The support from the medical team at Dell Children’s Medical Center was exceptional. The surgeons, including neurosurgeon Dr. Elizabeth Tyler-Kabara, and the anesthesiologists worked meticulously, minimizing blood loss and reducing the need for transfusions. Their expertise and care were evident in Alfie’s swift recovery. Minimal postoperative swelling and bruising contrasted sharply with the severe images shown to the parents during pre-op consultations.
“We were shown photos of babies who had this surgery and I just broke down in tears. These babies were puffed up and had bruises everywhere. They couldn’t open their eyes. They were black and blue. But when Alfie came out of surgery, he was lumpy and bumpy, but it was nothing like the pictures. We were so relieved and I think it speaks to the fact that the team at Dell is just so good at what they do. They did a wonderful job,” said Chennell.
Even now, over a year later, with tears in her eyes, Chennell describes moments of intense fear and anxiety when discussing the long-term implications of Alfie’s diagnosis and surgery. However, she recalls that it was the compassion and attentiveness of the nurses and doctors that helped ease the family’s worries during the baby boy’s surgery and recovery.
“It wasn’t one big thing that the nursing staff did that made the difference, but all of these little things that I’ll never forget. They would do things like bring me coffee so I didn’t have to leave Alfie’s side or they would recognize that I couldn’t move because he’d fallen asleep while nursing and they’d come arrange a blanket on us so we could rest. I was so sleep-deprived and emotionally taxed. We’d been through so much and we’re in this really hard place, but all those little things meant the world to us.”
The family’s experience at Dell Children’s Medical Center was profoundly positive, largely due to the hospital’s focus on providing comprehensive, cutting-edge care locally. Having access to this world-class treatment eliminated the need for lengthy travel, allowed the family to stay together, and most importantly, maintained some semblance of normalcy that helped them recover fully and quickly. Having their support system, including the medical staff and their community, played a crucial role in navigating this challenging time.

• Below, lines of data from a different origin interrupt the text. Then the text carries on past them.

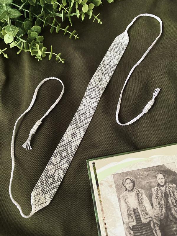 Очень нежный гердан, напоминает кружево. С кисточками на концах завязок, так что можно надевать и бантиком спереди, будет очень красиво.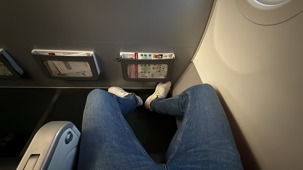 Die BizClass sitze bieten etwas mehr Beinfreiheit und einen garantiert freien Mittelsitz. Ich saß auf 1 F, ein gemütliches ruhiges Eck. Allerdings muss man beim Aufstehen dann über den Passagier auf 1 D klettern. Die Beinfreiheit war ausreichend.
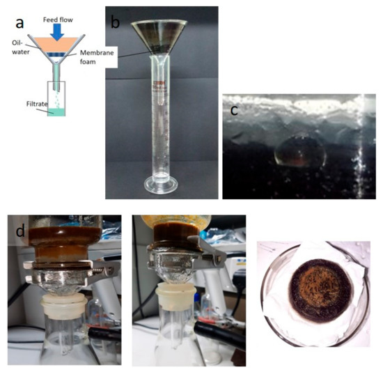 (a) Oil–water separation process using a funnel. (b) Membrane used to filter light crude oil–water. (c) Oil droplets in water at the membrane surface. (d) Used engine oil–water mixture before and after the separation; photograph of the membrane after the separation.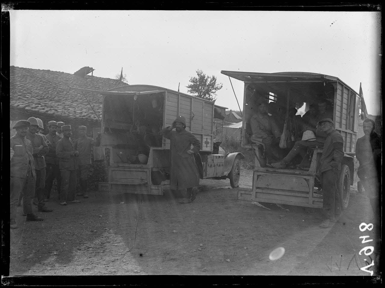 Ambulance alpine n°6 au moulin de Malovü. Départ de blessés et fiévreux pour Salonique. [légende d'origine]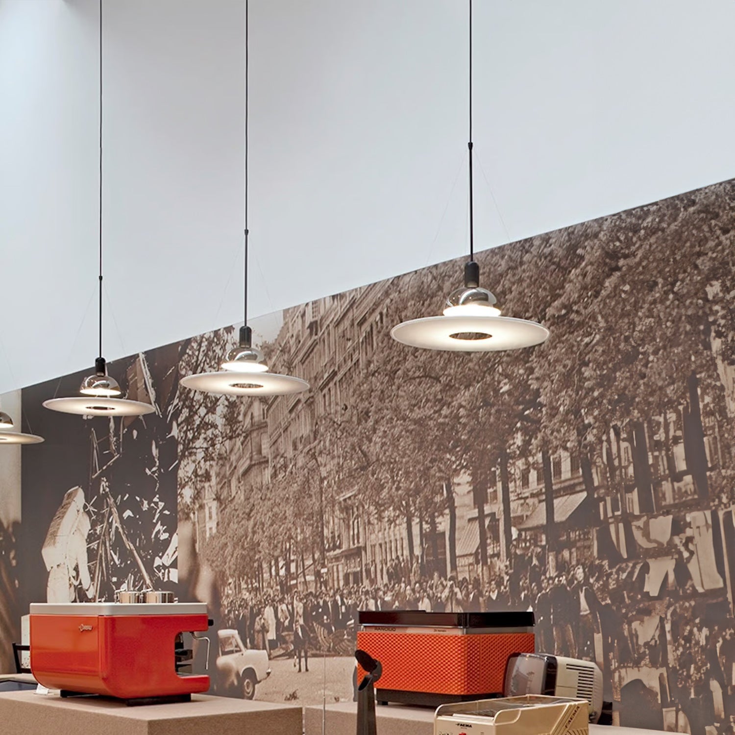 Frisbi is a suspension lamp that provides direct, diffused, and reflected light. Its opaline polymethyl methacrylate (PMMA) injection-molded diffuser plate is suspended by three fine steel cables. The stamped metal reflector is polished, nickel-plated, and coated with a protective varnish, with a glossy white finish on the inside. The ceiling fitting and canopy are made of black-painted, injection-molded ABS material.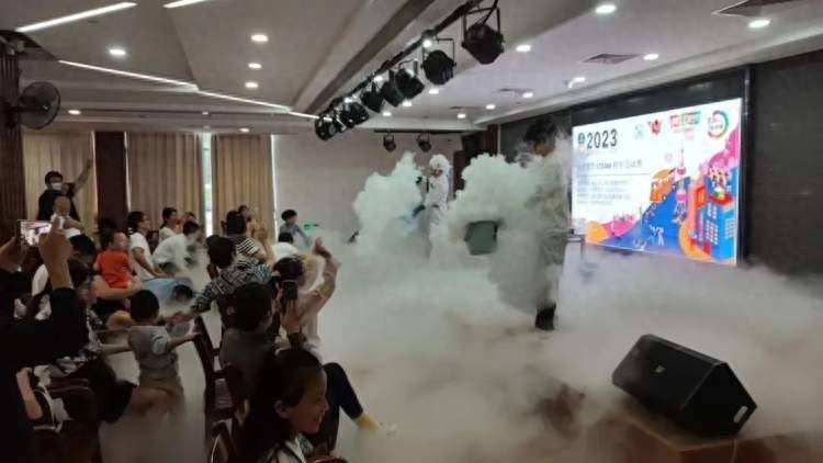 消失的水、神奇的布条、干冰泡泡澡、空气神棍、悬浮气球……一个个精彩的节目陆续呈现。表演者们将科学知识与节目、小游戏相结合,在场的孩子全被吸引了,积极地参与到互动当中。
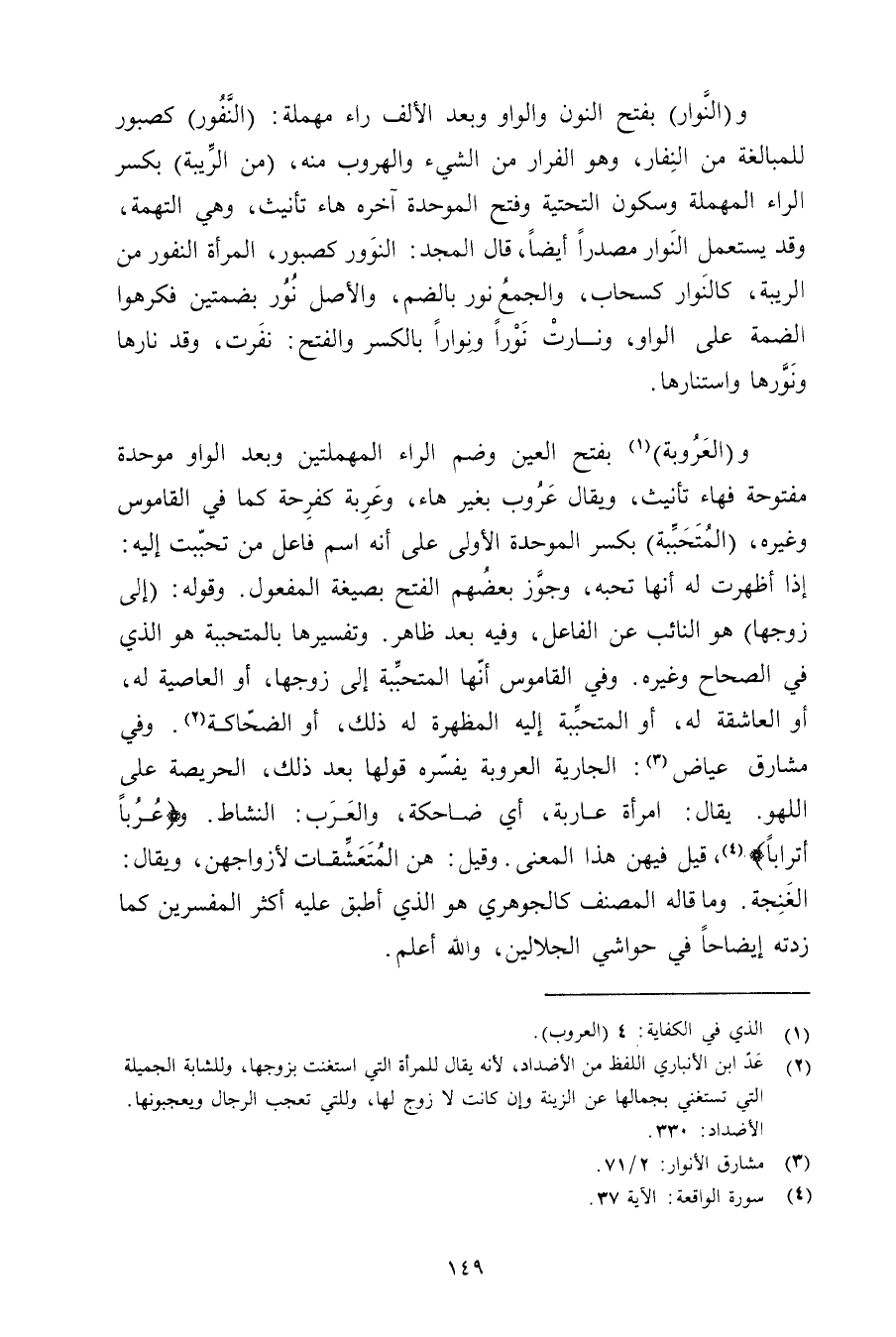 و (النوار) بفتح النون والواو وبعد الألف راء مهملة: (النفور) كصبور للمبالغة من النفار, وهو الفرار من الشيء والهروب منه, (من الربية) بكسر الراء المهملة وسكون التحتية وفتح الموحدة آخره هاء تأنيث, وهي التهمة, وقد يستعمل النوار مصدرًا أيضًا, قال المجد: النوور كصبور, المرأة النفور من الريبة, كالنوار كسحاب, والجمع نور بالضم, والأصل نور بضمتين فكرهوا الضمة على الواو, ونارت نورًا ونوارًا بالكسر والفتح: نفرت, وقد نارها ونورها واستنارها.

“I was so confident in our team’s ability and dedication that leading into the surgery, I was calm and it helped me be calm for my family. I think if we would’ve had to do this somewhere else, I would’ve been a mess. It wasn’t just that I knew the hospital and the team, it’s that it was in our city. I knew the lay of the land. Having the comfort of being able to go home made all the difference and it’s not just for my family, it’s for all families in Central Texas. Having this level of world-class cutting-edge services is huge. It’s incredible,” said Dr. Gilbreath.
Reflecting one year later
Just over a year has passed and the Gilbreath-Chennell family is settling into summer. Swimming lessons, vegetable gardening, and spending time together are the goals for the new season.
Thinking back on the past year, both parents feel as though it were just yesterday and yet, so far away. “I have the perspective of seeing a lot of families go through similar procedures or just hospitalizations and sometimes ours feels like a drop in the bucket compared to so many kids I see. There are patients that live in the hospital for months and months and months with many complications. We were just so lucky to have everything we needed right here,” said Dr. Gilbreath.
For Dr. Gilbreath’s family, and for so many other families that will need to visit Dell Children’s Medical Center this year, keeping your family intact is the goal and that’s why we will continue to strive to provide what you need here.